To keep it simple, intuition is a skill that enables you to anticipate how users would react to using a particular product. Unless you are the user, it’s not about how you feel — this is one of the most tempting traps because you rarely escape from the soundtrack that is your own thoughts.
Like all skills, it’s trained through repetition and accelerates through coaching.
Repetition comes in the form of being a deliberate user, and observing what delights and bothers you as a baseline. It comes in the form of reading product lessons, learning from the triumphs and failures of others. It comes in the form of talking to your users, and understanding what makes them tick. Most importantly, it comes in the form of shipping many things, carefully observing the results, and diligently updating your intuition. This is why quick feedback loops are so effective at helping you race up the learning curve.
Another plot twist is that what resonates with one group of users may not for another. So even if you’ve mastered one space, you need to retrain your mental model when migrating to a different one.
Intuition also comes from spending time with user data. Breakthroughs come from observing what users say, and then analyzing what they do. The Pareto principle often applies to experiences: the vast majority use a very small fraction of the available paths.
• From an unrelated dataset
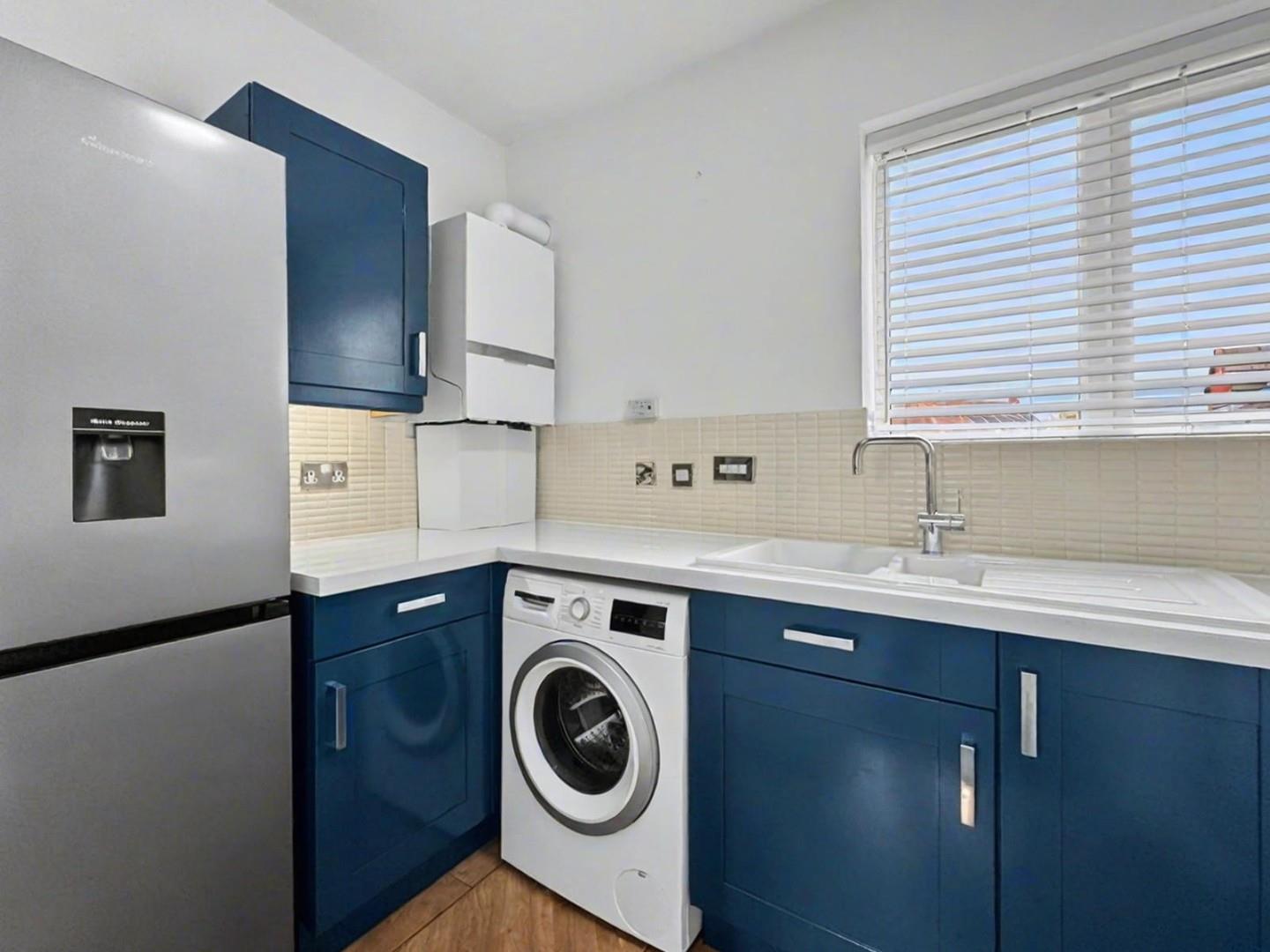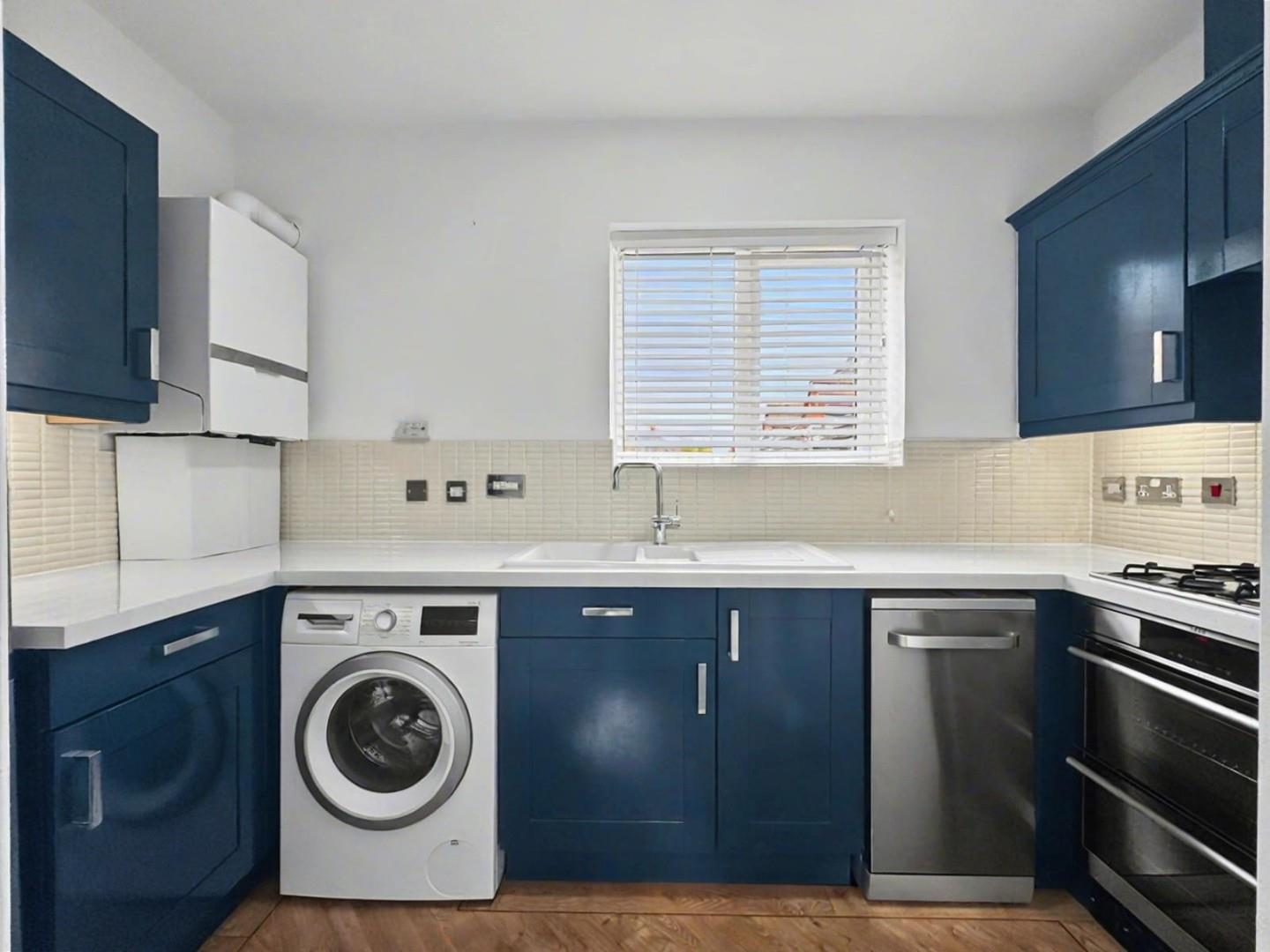 Modern fitted kitchen with a range of storage cupboards, sink and drainer, washing machine, dishwasher, fridge/freezer, oven, hob and extractor above.

Knowing what they are and why helps you focus on the right ones, and even consider opportunities to simplify the product.
A happy marriage
The core tenet of a happy marriage between data and intuition is to diagnose with data, treat with design. Data can help you understand the contours of the problem, but the thrill and challenge of building products is that there are many possible solutions. Intuition helps you craft the right one for the job.
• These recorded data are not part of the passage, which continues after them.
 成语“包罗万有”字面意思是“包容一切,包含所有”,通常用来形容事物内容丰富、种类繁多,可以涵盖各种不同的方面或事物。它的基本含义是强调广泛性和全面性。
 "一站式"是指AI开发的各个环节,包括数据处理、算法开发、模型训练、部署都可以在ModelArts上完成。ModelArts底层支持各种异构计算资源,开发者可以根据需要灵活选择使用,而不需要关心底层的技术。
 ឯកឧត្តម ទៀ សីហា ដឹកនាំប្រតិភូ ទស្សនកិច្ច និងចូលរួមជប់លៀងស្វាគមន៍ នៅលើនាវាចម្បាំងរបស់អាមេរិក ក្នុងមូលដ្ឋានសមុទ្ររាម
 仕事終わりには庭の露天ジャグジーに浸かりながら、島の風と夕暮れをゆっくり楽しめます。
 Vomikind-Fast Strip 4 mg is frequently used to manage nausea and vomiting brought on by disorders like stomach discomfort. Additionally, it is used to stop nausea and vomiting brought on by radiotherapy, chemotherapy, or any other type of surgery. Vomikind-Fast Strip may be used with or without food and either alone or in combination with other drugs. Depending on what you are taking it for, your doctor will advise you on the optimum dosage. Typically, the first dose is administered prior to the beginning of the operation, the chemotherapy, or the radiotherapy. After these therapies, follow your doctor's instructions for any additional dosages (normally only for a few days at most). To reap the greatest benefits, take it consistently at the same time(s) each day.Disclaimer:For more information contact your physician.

A year ago, we wanted to scale the adoption of a promising retention program by 3X. To do so, we asked: where are our target users today? When is the best time in the user’s lifecycle to reach out for optimal conversion?
# converted users = # users who will see content x % who convert
Data pointed the way on how to maximize the first variable by choosing the highest-intent real estate. Intuition took it home with the second. We tailored the design of each upsell based on the emotions of the user at that particular point in the journey, and ended up scaling the adoption by 5X.
A common mistake is anchoring on your preference for where this content should live. While you do want content to live in places that make sense, it’s easier to adapt the look, feel and messaging to fit the place than to have perfect content in a place that receives no visits.
In the best scenarios, data and intuition come together to precisely diagnose and treat a problem with care.
Why it’s hard
Most of us are novices in both data and intuition. Both stem from asking questions rather than jumping to answers, which is penalized in most education systems. They also come to life from doing the real thing: solving problems, rather than memorizing frameworks. We tend to shy away from taking on real things, preferring the comfort of proxies.
It also turns out that mastering one of the skills tends to bring enough success that you easily believe it’s the best way to operate. Intuition is critical in solving 0 to 1 problems, data propels you from 1 to n. The real world, however, is a series of 0 to 1 bets which need to be taken from 1 to n to have lasting impact.
Perhaps the hardest part is that data and intuition often work in opposite ways: data is slow and deliberate, intuition is fast and reactive. Holding both in mind requires dealing with some cognitive dissonance, but it’s exactly this tug-of-war that helps you land better decisions consistently.
All of these hoops separate most people from mastering both skills. But the greater the challenge, the greater the rewards that await you on the other side.